-- EXERCISE DESCRIPTION --
Write out all records as given; omit images.

-- GIVEN DATA --
· · · · · · ·

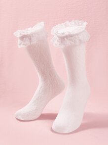 Kawaii Calcetines altos ribete con fruncido con encaje
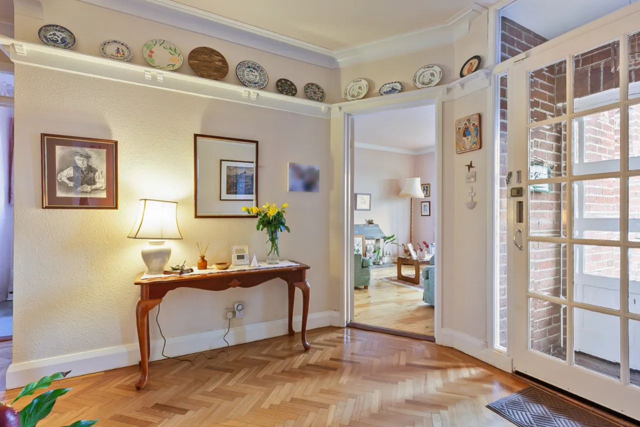 Herringbone wooden floor, plate rail, corniced ceiling and under stair storage.
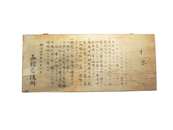 博物場入口に掲出された掲示。開場時間・入場料・入場規則などが明記されている。
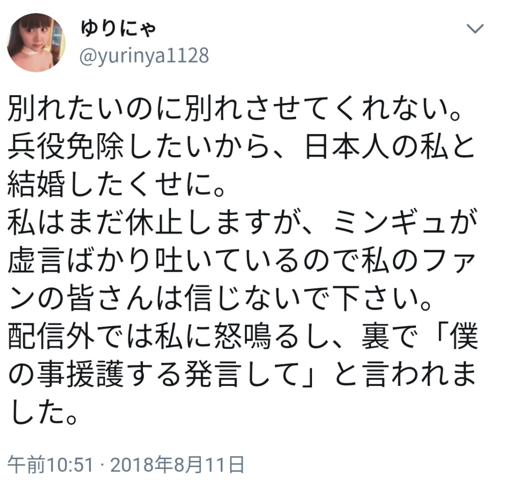 実は、もともとゆりにゃはミンギュと喧嘩をする度「ミンギュに脅迫されている」「DVを受けている」「本当は別れたい」など漏らしていることはあったのだ。
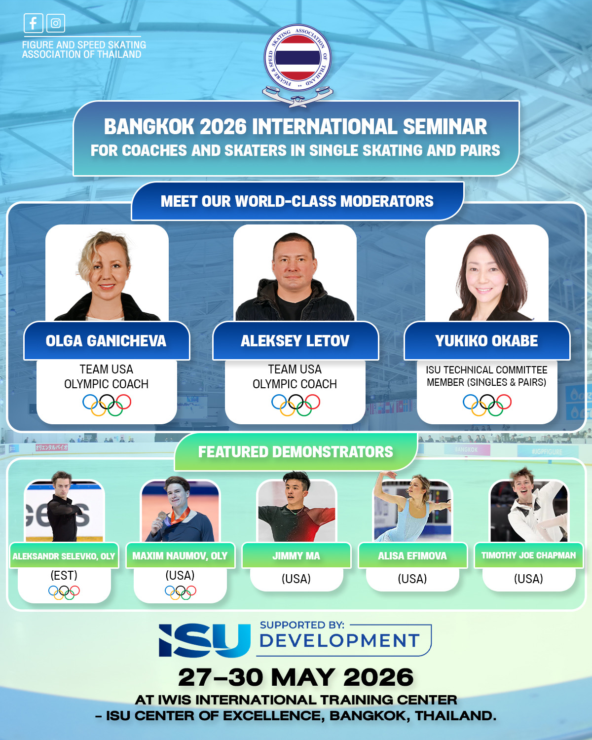 Bangkok 2026 International Seminar for Coaches and Skaters in Single Skating and Pairs will take place from 27–30 May 2026 at IWIS International Training Center - ISU Center of Excellence, Bangkok, Thailand.
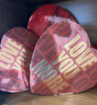 Heart shaped box with our "Rozella's" logo, filled with red roses.
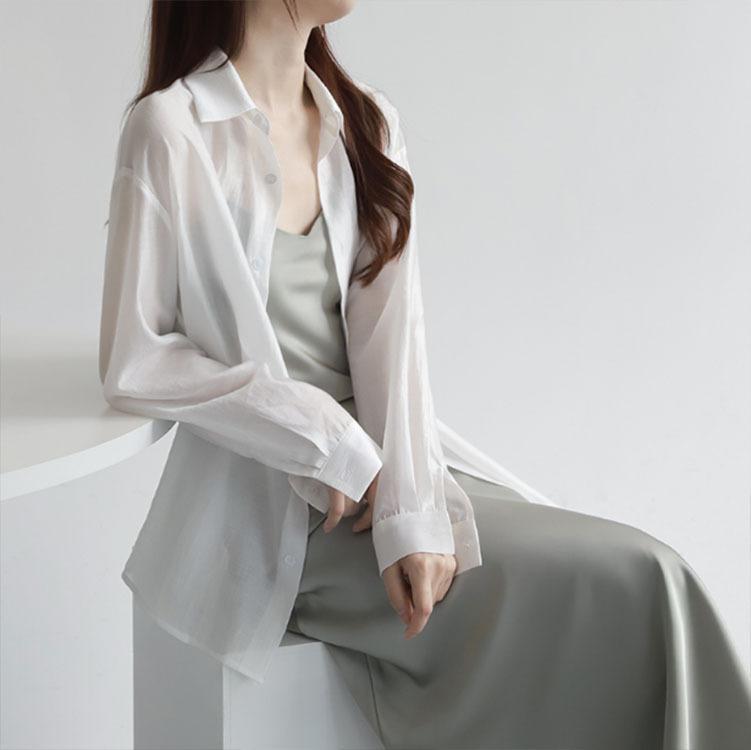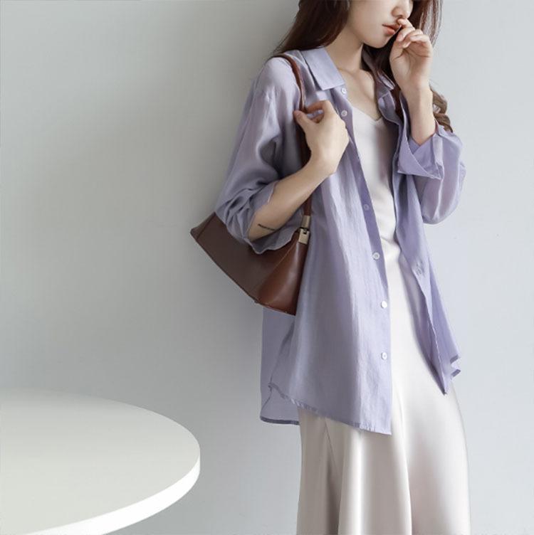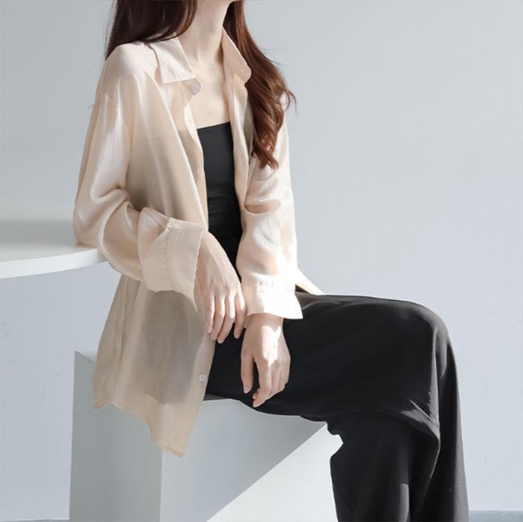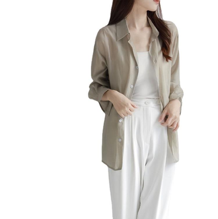 Camisa de manga larga de tencel suave con protección solar para mujer, nueva, elegante, de verano, ultrafina, holgada y combinable.
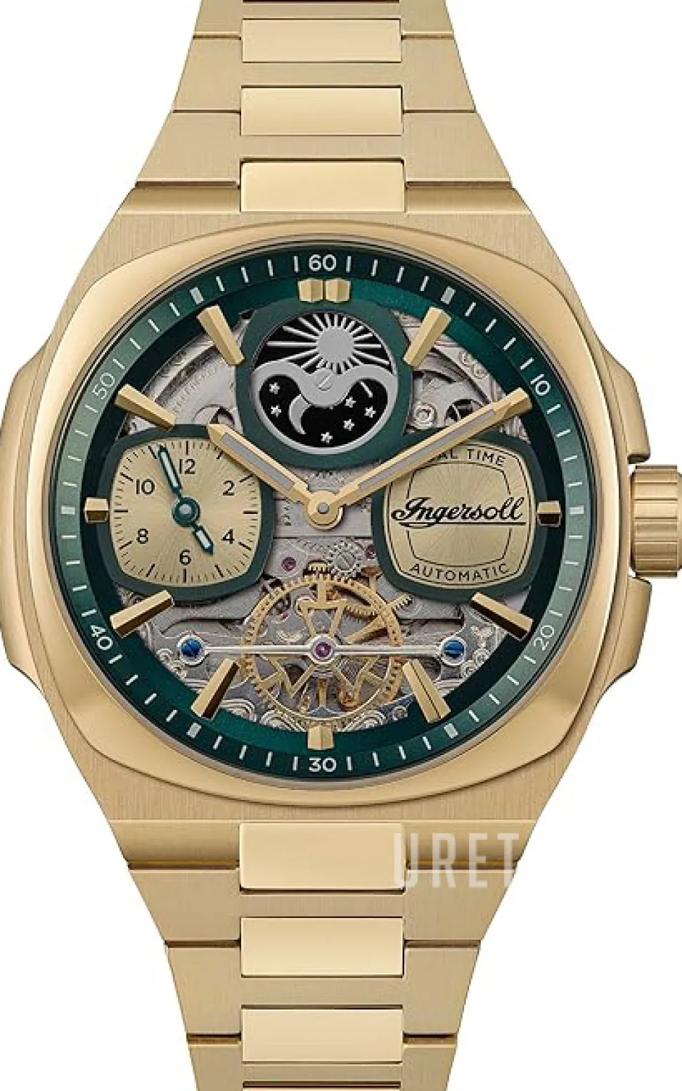 | Urtavla: | Grön skelettur med indexmarkeringar, självlysande visare |
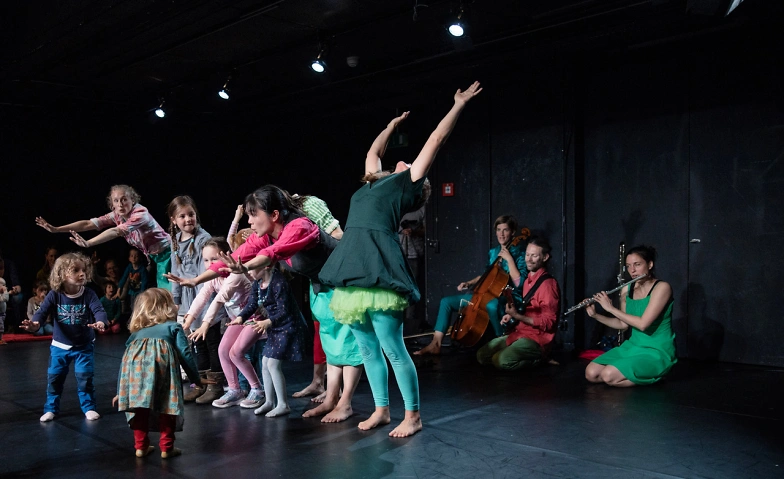 Durch Improvisation gestalten Tänzer:innen und Musiker:innen ein lebendiges Stück, das sich von einer Aufführung zu einer musikalisch-tänzerischen Spielwiese entwickelt. Die Kinder schauen zu, folgen ihrer Neugier und gestalten gemeinsam mit den Performer:innen spielerisch ihre eigene Welt.
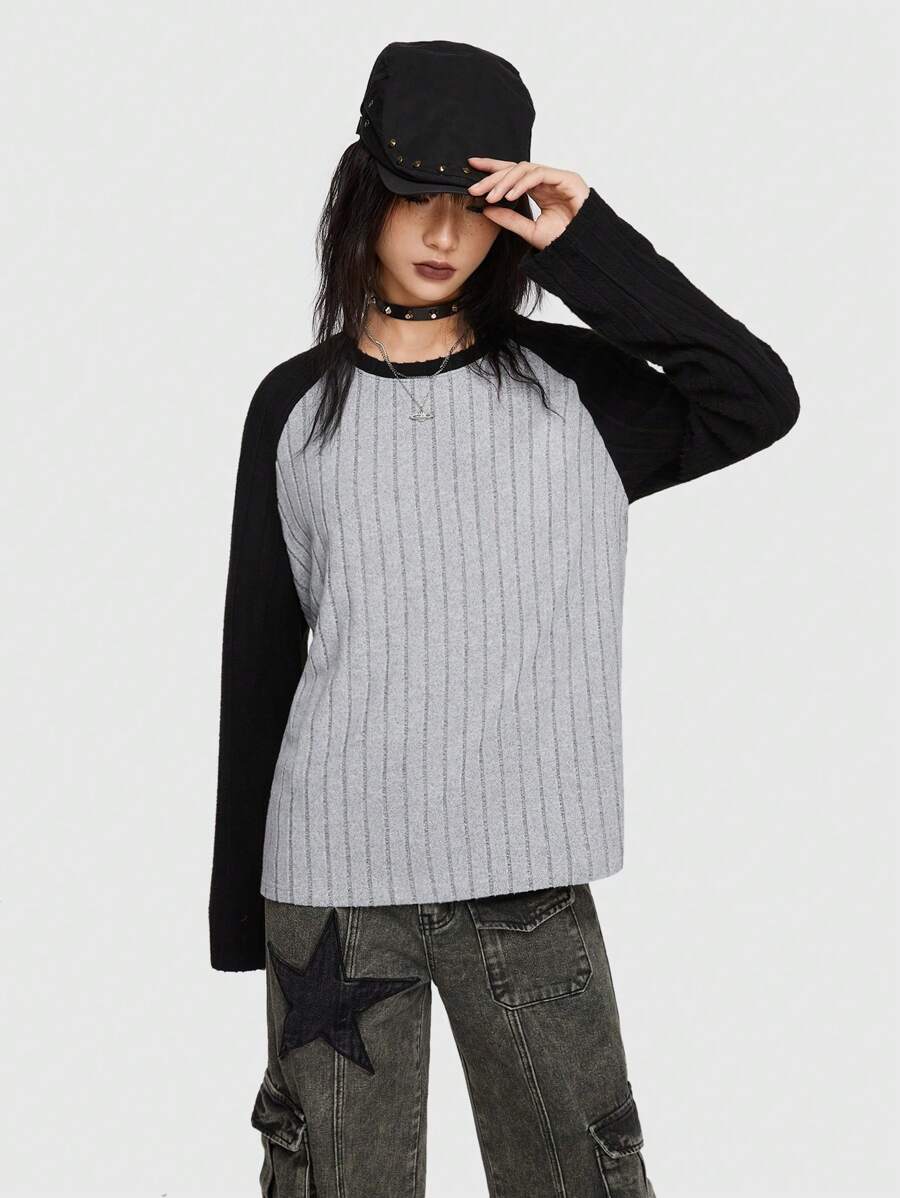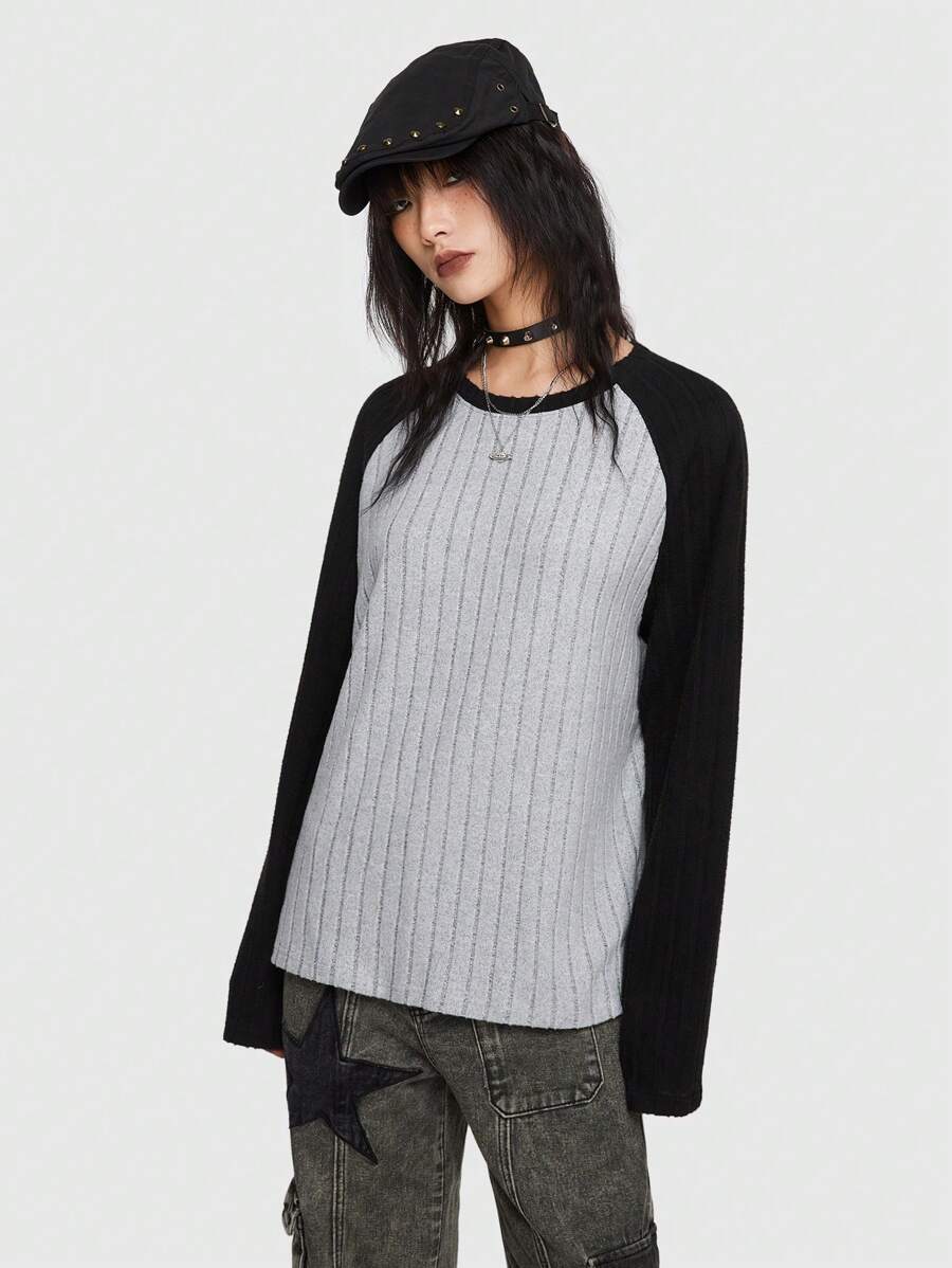 Grunge Punk Colorblock Raglan Sleeve Tee

· · · · · · ·

-- OUTPUT OF THE EXERCISE --
 Kawaii Calcetines altos ribete con fruncido con encaje
 Herringbone wooden floor, plate rail, corniced ceiling and under stair storage.
 博物場入口に掲出された掲示。開場時間・入場料・入場規則などが明記されている。
 実は、もともとゆりにゃはミンギュと喧嘩をする度「ミンギュに脅迫されている」「DVを受けている」「本当は別れたい」など漏らしていることはあったのだ。
 Bangkok 2026 International Seminar for Coaches and Skaters in Single Skating and Pairs will take place from 27–30 May 2026 at IWIS International Training Center - ISU Center of Excellence, Bangkok, Thailand.
 Heart shaped box with our "Rozella's" logo, filled with red roses.
 Camisa de manga larga de tencel suave con protección solar para mujer, nueva, elegante, de verano, ultrafina, holgada y combinable.
 | Urtavla: | Grön skelettur med indexmarkeringar, självlysande visare |
 Durch Improvisation gestalten Tänzer:innen und Musiker:innen ein lebendiges Stück, das sich von einer Aufführung zu einer musikalisch-tänzerischen Spielwiese entwickelt. Die Kinder schauen zu, folgen ihrer Neugier und gestalten gemeinsam mit den Performer:innen spielerisch ihre eigene Welt.
 Grunge Punk Colorblock Raglan Sleeve Tee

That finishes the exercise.